Wednesday, June 10, 2009

A Photo Montage of Andro-Centrism in Abortion Rights Law

Ever since the recent act of anti-choice terrorism that closed the doors of the slain Dr. Tiller's clinic, abortion has been on my mind. I don't often write about the issue here. It's a lightning rod for, ahem, "interesting" comments and although I support a woman's right to choose, I'm not comfortable with idea of ending human life. I'm not sure many people are. Well, except for some of those who most claim to revere human life, of course.

When it comes to abortion rights, I tend to agree with bioethicist Sigfrid Fry-Revere who argues that to suggest that a fetus has the same rights as an autonomous human being borders on the perverse, for "a woman's rights should never be placed second to the needs of her fetus." Many people, however, who are anti-choice weight the scale differently and frame their argument in terms of a fetus having more of a right to live than a woman has the right to choose. And yet, given that a large portion of the opposition to abortion comes from male-centric theological beliefs that treat women as community-owned vessels for carrying fetuses, I also know that many people's "fetus rights" arguments are actually facades that mask a deep-seated entitlement to control women's bodies. Observing how so many anti-choice people actually don't seem to care all that much for other people's babies once they are actually born, and especially when these former bundles of "precious human life" turn out to be gay, atheist, or otherwise Other, only reinforces this belief of mine.

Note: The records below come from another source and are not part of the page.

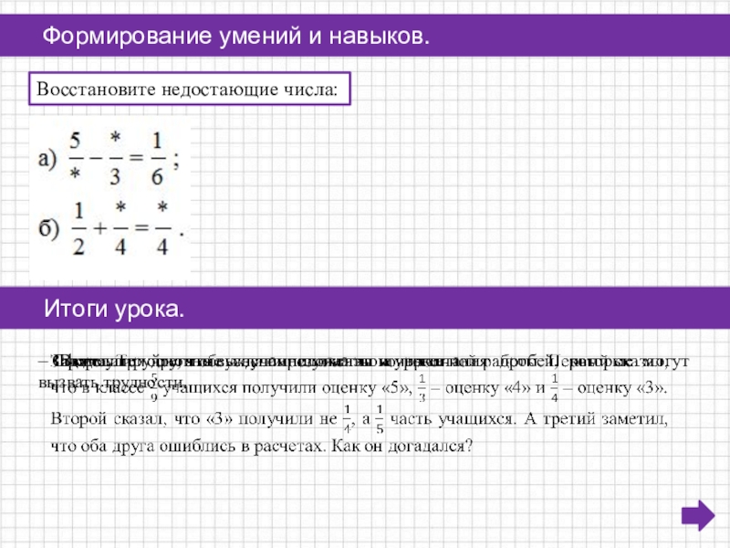 – Назовите меньшую дробь со знаменателем 11 такую, чтобы она была больше данной дроби.
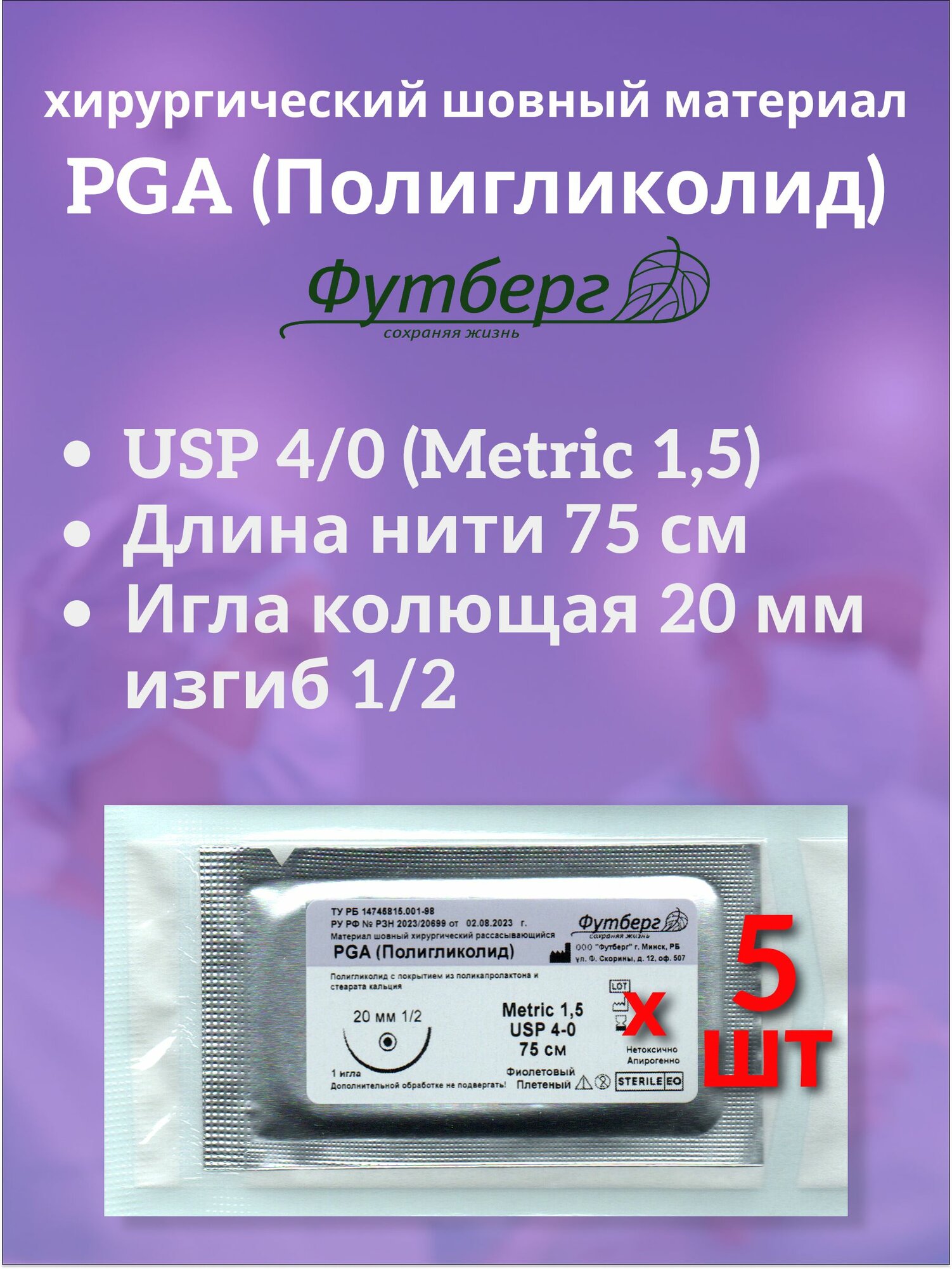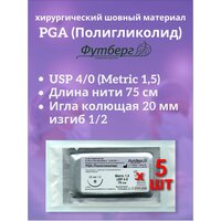 PGA (Полигликолид) USP 4/0 (M1,5), длина 75см, игла колющая 20мм, изгиб 1/2, (5 штук) Шовный хирургический материал Футберг: сравнение цен, характеристики, фото, актуальное наличие и цены.
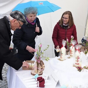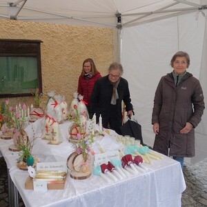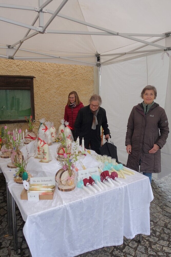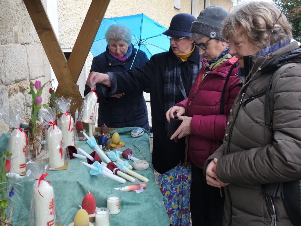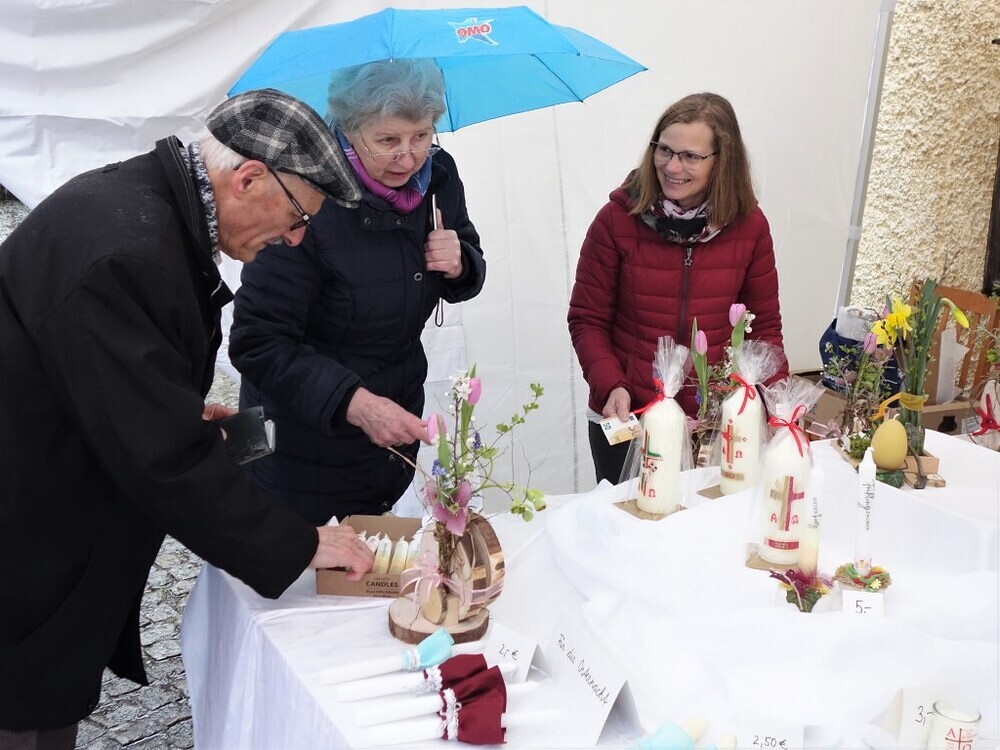 Eine schöne Kerze sollte zu Ostern auf keinem Tisch fehlen - überlegte das Fachteam Soziales und bot am Palmsonntag selbst hergestellte bzw. selbst verzierte Osterkerzen zum Kauf an. Das Wetter war an diesem Tag alles andere als ideal. Werden sich überhaupt bei Regen, Wind und Kälte die Pergkirchnerinnen und Pergkirchner Zeit zum Aussuchen und Kaufen der Kerzen nehmen? Es war schön zu sehen, dass sich die Menschen vom schlechten Wetter nicht abschrecken ließen und die eine oder andere Osterkerze kauften. Sie wussten ja, dass der Erlös der Pfarre Pergkirchen zugutekommen würde, und zwar für die Bewirtung der Freiwilligen beim Pfarrhofumbau. Wir hoffen, dass endlich mit diesem langersehnten Projekt begonnen werden kann. Aber das ist wieder eine andere Geschichte.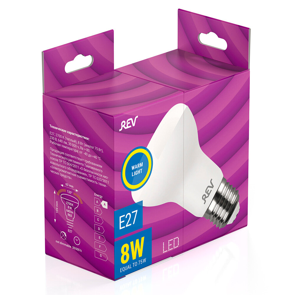 Энергосберегающая светодиодная лампа "REV" используется как в бытовых осветительных приборах, так и для освещения общественных и служебных помещений. Потребляемая мощность энергосберегающих ламп в 5-10 раз ниже, чем у обычных ламп накаливания при той же интенсивности свечения.Энергосберегающая светодиодная лампа в форме R63 теплого свечения. Интенсивность свечения аналогична обычной лампе накаливания мощностью 65 Вт. Срок службы 30 000 часов. Номинальное напряжение 220-240 В.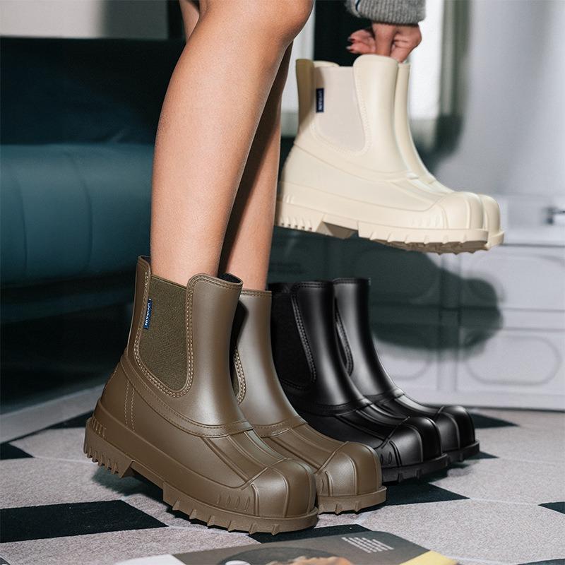 Women's fashion outer wear waterproof Martin boots medium and short tube fashion rain boots shell head thick sole elastic woven rubber shoes — günstig online bei Joom kaufen
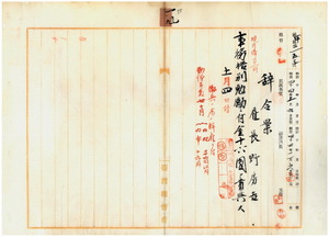 一九 台湾総督府民政部殖産局長高田元治郎ノ内申ニ依リ徴兵ノ為メ解雇ノ雇長野房吉ニ事務格別勉励ニ付キ一時金ヲ賞与ス

When men, especially, have very strong opposition to abortion, I am not surprised. I admit it. It is to be expected, I suppose, for a man, who never has the possibility of becoming pregnant, to weigh the rights of a fetus as greater than the rights of a woman. While he will never, in most instances, experience what it is to be a woman, he has been a fetus and perhaps is more likely to relate to the fetus than to a pregnant woman. What is more surprising is when men can step outside of men's long history of controlling women's bodies and see women, not as community-owned vessels for reproduction, but as autonomous human beings whose right to decide whether another living thing subsists on her body outweighs the right of the fetus to live in and through her.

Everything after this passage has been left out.